Asteroid Kicked Dinos When They Were Down

via Shuterstock
via Shuterstock

What if…the dinosaurs never died?

Think of that. Wouldn’t that be awesome? Of course, there is the somewhat unfortunate caveat that we, meaning humans, would likely not exist had T. Rex and friends (and meals and competitors) not perished under the clouds of a post-asteroid nuclear winter (or however, exactly, it happened).

But for anyone who was into dinosaurs as a kid (and isn’t that nearly everyone?), I think there must remain a bit of sadness that these big beasts we love  all died. (Yes, I know: birds. But you know what I mean.) It’s a strange bit of tragedy to be aware of as a mostly coddled child: Yeah, those colorful brontosauruses (again, I know) and triceratopses you thrill to see in books at the local public library? They all died. It is real history that all of them, billions of them, trillions of them? — died. All at once. And that’s why you can’t see them in real life.

That’s also what makes this finding a bit heartbreaking: the asteroid that killed the dinosaurs, well, it didn’t HAVE to end them. It wasn’t such a cataclysmic force that there’s no way the big lugs could have survived. Instead, it caught them when they were vulnerable.

A group of paleontologists found that a set of ecological stresses (volcanoes,  sea level changes, temperature fluctuations, and probably all those brachiosaurus farts) had put the late-Cretaceous world of the dinos in a precarious position. Then the asteroid came and kicked them down the stairs.

Mean.

It says something, too, about how the asteroid event has come to dominate the theories of how the dinosaurs’ age ended. When I was a kid, I remember there being a lot less certainty. The killer asteroid was just one of several equally plausible theories, e.g., widespread diseases, or volcanoes.

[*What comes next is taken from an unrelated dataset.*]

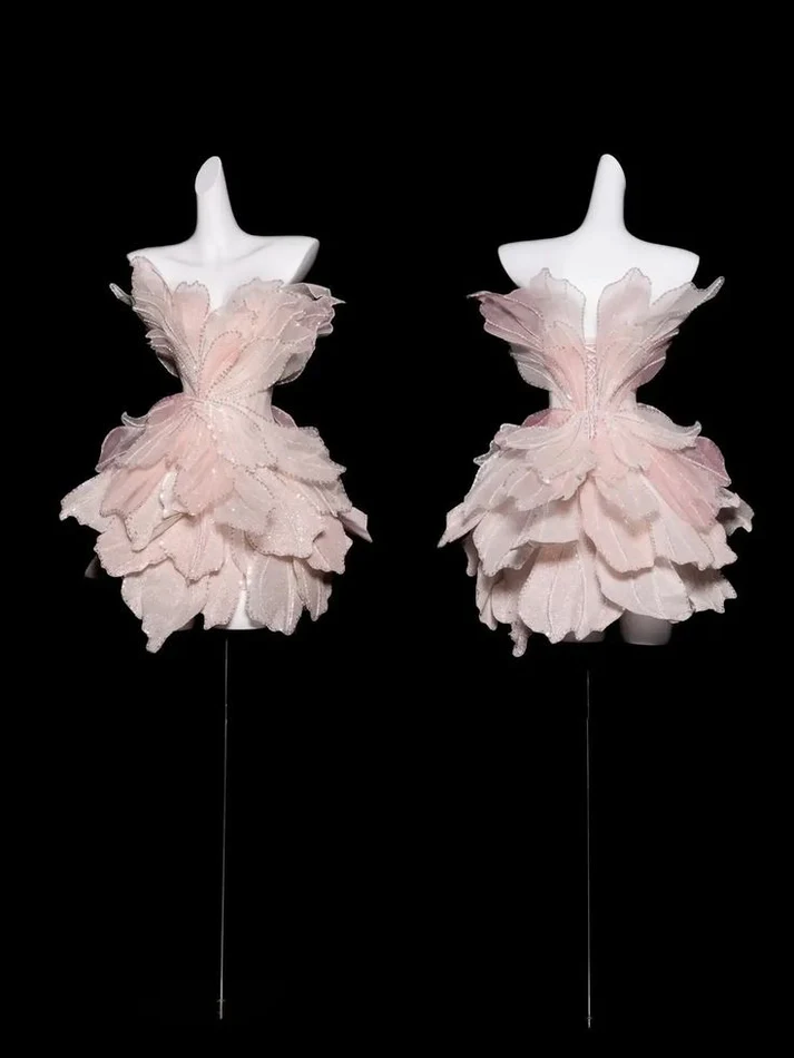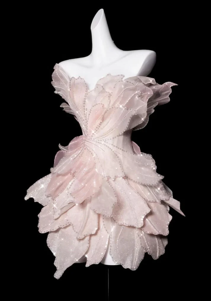Classy Pink Strapless Organza Sequin Beaded Homecoming Dress Birthday Outfits Y9313

Over time, though, the asteroid has come to be accepted as THE answer. This surprised me when I started writing about popular science in recent years, and so became aware of dinosaur science for, really, the first time since the ’80s. The big-asteroid event had so come to dominate thoughts on dinosaur extinction that the idea that other factors played a role, too, now comes as a surprise.

So, this new finding actually seems to represent a return to previous ways of thinking about dinosaur extinction: volcanoes may have had their say. Other ecological stresses, too. The asteroid was the last word, but not the only one.